** TASK REQUIREMENTS **
Each and every line below goes into your answer unchanged, but leave out the images.

** DATASET EXTRACT **
________________________

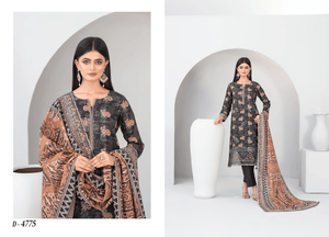 Paired with a beautifully designed digital printed shawl-style dupatta in warm chestnut tones and classic geometric motifs, this suit offers the perfect balance of sophistication and comfort for the winter season. The premium khaddar fabric ensures warmth, durability, and an elegant fall, making it ideal for everyday wear, office outings, and casual gatherings.
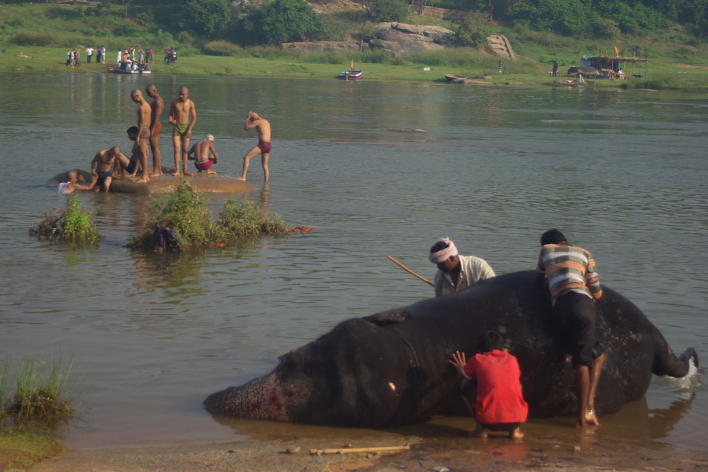 Lakshmi, the temple elephant gets a bath down by the ghats
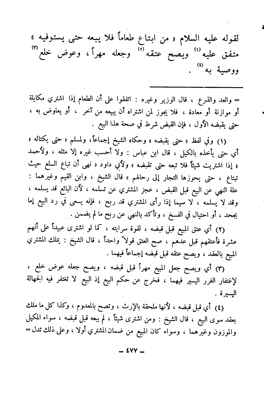 (¬1) وفي لفظ «حتى يقبضه» وحكاه الشيخ إجماعا، ولمسلم «حتى يكتاله» أي حتى يأخذه بالكيل، قال ابن عباس: ولا أحسب غيره إلا مثله، ولأحمد «إذا اشتريت شيئا فلا تبعه حتى تقبضه» ولأبي داود «نهى أن تباع السلع حيث تبتاع حتى يحوزها التجار إلى رحالهم» قال الشيخ: وابن القيم وغيرهما: علة النهي عن البيع قبل القبض، عجز المشتري عن تسلمه، لأن البائع قد يسلمه، وقد لا يسلمه، لا سيما إذا رأى المشتري قد ربح، فإنه يسعى في رد البيع إما بجحد أو احتيال في الفسخ، وتأكد بالنهي عن ربح ما لم يضمن.

________________________

** OUTPUT FOR THIS TASK **
 Paired with a beautifully designed digital printed shawl-style dupatta in warm chestnut tones and classic geometric motifs, this suit offers the perfect balance of sophistication and comfort for the winter season. The premium khaddar fabric ensures warmth, durability, and an elegant fall, making it ideal for everyday wear, office outings, and casual gatherings.
 Lakshmi, the temple elephant gets a bath down by the ghats
 (¬1) وفي لفظ «حتى يقبضه» وحكاه الشيخ إجماعا، ولمسلم «حتى يكتاله» أي حتى يأخذه بالكيل، قال ابن عباس: ولا أحسب غيره إلا مثله، ولأحمد «إذا اشتريت شيئا فلا تبعه حتى تقبضه» ولأبي داود «نهى أن تباع السلع حيث تبتاع حتى يحوزها التجار إلى رحالهم» قال الشيخ: وابن القيم وغيرهما: علة النهي عن البيع قبل القبض، عجز المشتري عن تسلمه، لأن البائع قد يسلمه، وقد لا يسلمه، لا سيما إذا رأى المشتري قد ربح، فإنه يسعى في رد البيع إما بجحد أو احتيال في الفسخ، وتأكد بالنهي عن ربح ما لم يضمن.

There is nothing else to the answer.